Tag Archives: Zinc substituted

Improved cytocompatibility and antibacterial properties of zinc-substituted brushite bone cement based on β-tricalcium phosphate

Posted on by

By Inna V. Fadeeva, Margarita A. Goldberg, Ilya I. Preobrazhensky, Georgy V. Mamin, Galina A. Davidova, Nadezhda V. Agafonova, Marco Fosca, Fabrizio Russo, Sergey M. Barinov, Simona Cavalu & Julietta V. Rau

Full text at https://link-springer-com.am.e-nformation.ro/article/10.1007%2Fs10856-021-06575-x

Brushite cements based on powders of Zinc (Zn) (1.4 wt%) substituted tricalcium phosphate (β-TCP) and non-substituted β-TCP were prepared and investigated by SEM/XRD, MTT test and microbiology assay. Copyright J. Rau, Simona Cavalu et al.

Zinc (Zn) is an important biological trace element that plays a role in the normal growth and development of the skeleton. Its content in human bones (0.0126–0.0217 wt%) is about 28% of the total amount of Zn in the body (0.0030 wt% of Zn in tissues) [20]. The lack of Zn slows down the growth of the bone mass and has a negative influence on the bone metabolism [21]. On the other hand, Zn deficiency is a factor of risk for bone osteoporosis [22]. 
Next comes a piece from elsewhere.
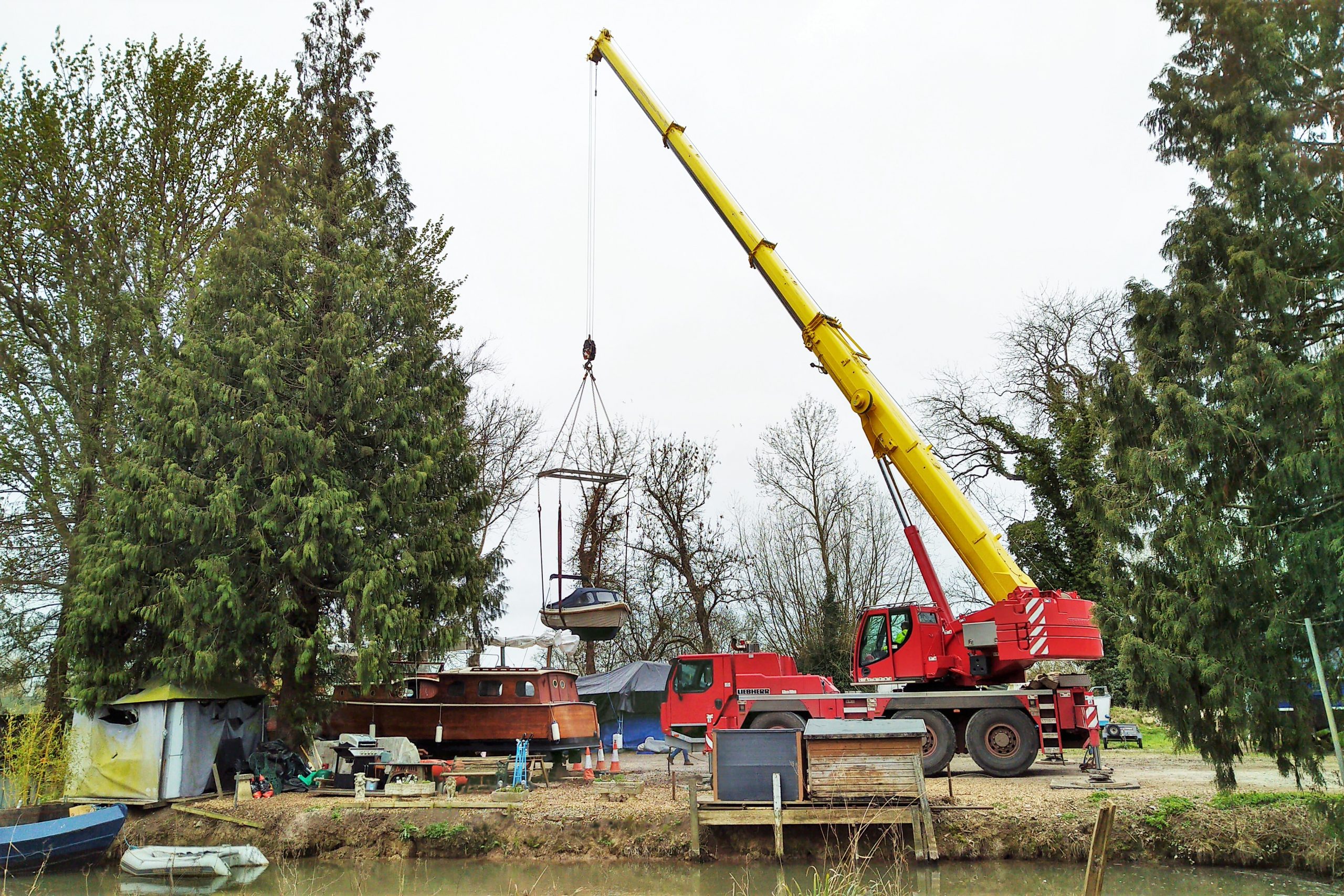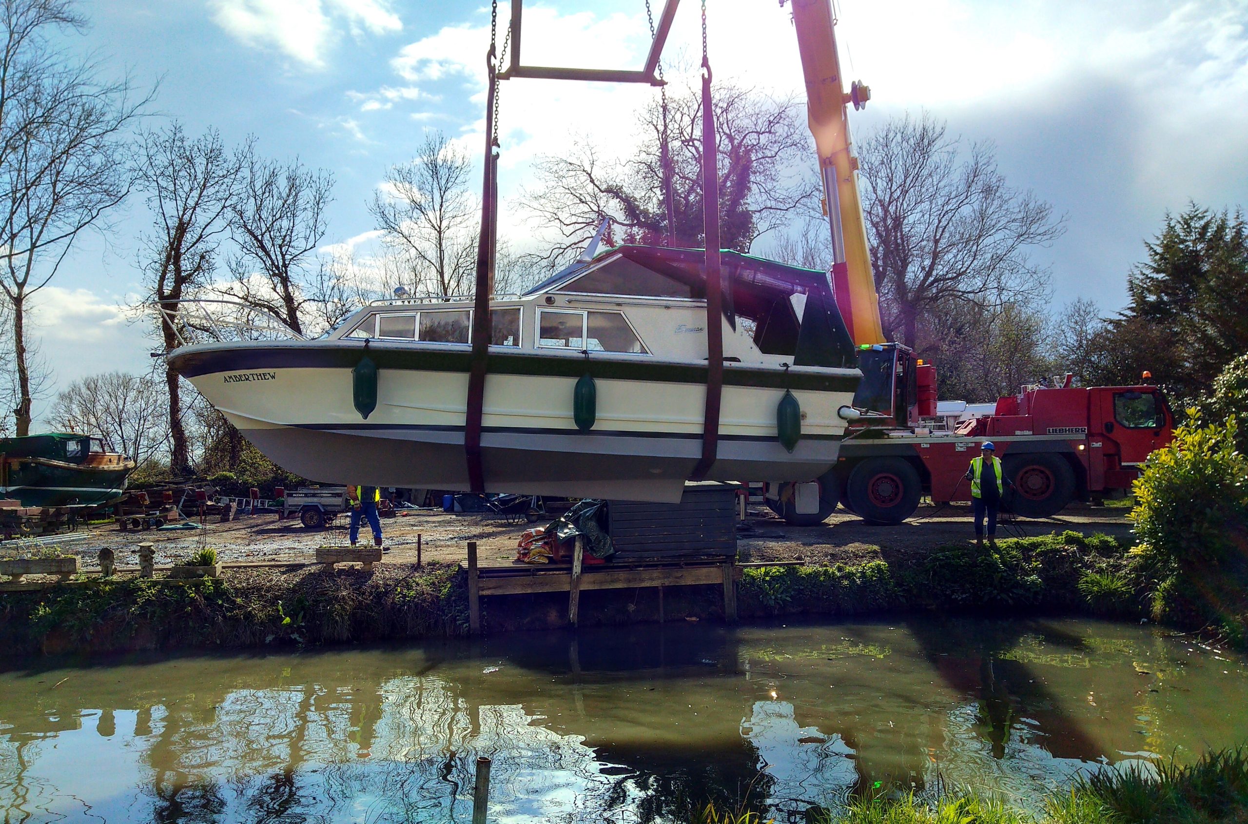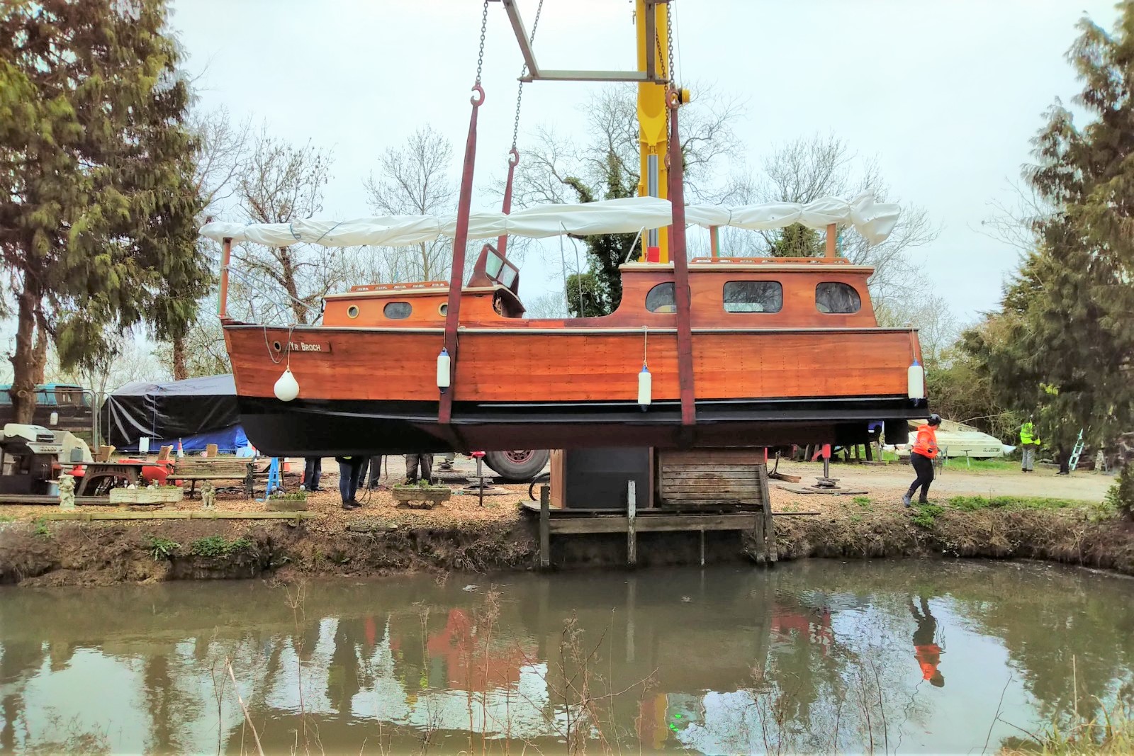 The craning operation took place on a bitterly cold but thankfully dry Saturday at the start of April, with the team from MJT Crane Hire Ltd once again on site. Barry Tuckey and his two ‘banks-women’ – his daughter, Lisa, and regular assistant, Sharon – arrived with their 60-tonne crane just before 9am and, with the help of some of the boat owners, all 10 cruisers were safely transferred to their berths in just two and a half hours.

XRD spectra of: TCP-based cement (A) before and (B) after soaking in physiological solution and Zn-substituted TCP cement (C) before and (D) after soaking in physiological solution. Copyright J. Rau, Simona Cavalu et al.
FTIR spectra of: A non-substituted and Zn-substituted TCP powders, B non-substituted and Zn-substituted TCP cements, and C non-substituted and Zn-substituted TCP cements after soaking in physiological solution. Copyright J. Rau, Simona Cavalu et al.
Comparison of EPR spectra for Zn-TCP powder sample annealed at 900 °C before and after X-ray irradiation. Copyright J. Rau, Simona Cavalu et al.
Bone Cements’ morphology, SEM images: AB cement based on β-TCP; CD cement based on Zn-β-TCP; EF cement based on β-TCP after soaking in physiological solution; GH cement based on Zn-β-TCP after soaking in physiological solution.
Copyright J. Rau, Simona Cavalu et al.
The inhibition of growth of: E. Coli for A Zn-TCP cement and B TCP cement; C E. faecium, and D P. aeruginosa for Zn-TCP cement (1) and TCP cement (2). The Zn-substituted TCP cement shows a stronger antibacterial activity, which is expressed in a larger bacterial zone of inhibition, with respect to the TCP cement. Copyright J. Rau, Simona Cavalu et al.

In this work, the cement based on the Zn-substituted β-TCP powder with a simplified preparation recipe and improved characteristics was developed. The setting time of cements was 8 min (the ratio of cement powder: hardening liquid = 3:1), which is optimal for preparation and application of the developed cements for bone defects during surgery. The Zn2+ content was selected to be 1.40 wt%. The pH of the cements reached 6.5 within 60 min after setting. After soaking in physiological solution for 60 days, the morphology and composition of cements changed. The final phases were DCPD and HA.The EPR measurements showed the presence of the trapped hydrogen and confirmed that annealing at 900 °C led to the significant reduction of carbonate impurities embedded into the β-TCP structure.The NCTC L929 fibroblast cell viability on the developed Zn-β-TCP cement was 10% higher compared to cement without Zn and possess antibacterial properties against E. coli, E. faecium, and P. aeruginosa.This finding confirms that the novel material could be a valid strategy for a range of biomedical application in humans. Therefore, it could offer promising potential for bone replacement and repair in moderate and non-load-bearing defects that are prone to infection in orthopedic and trauma setting.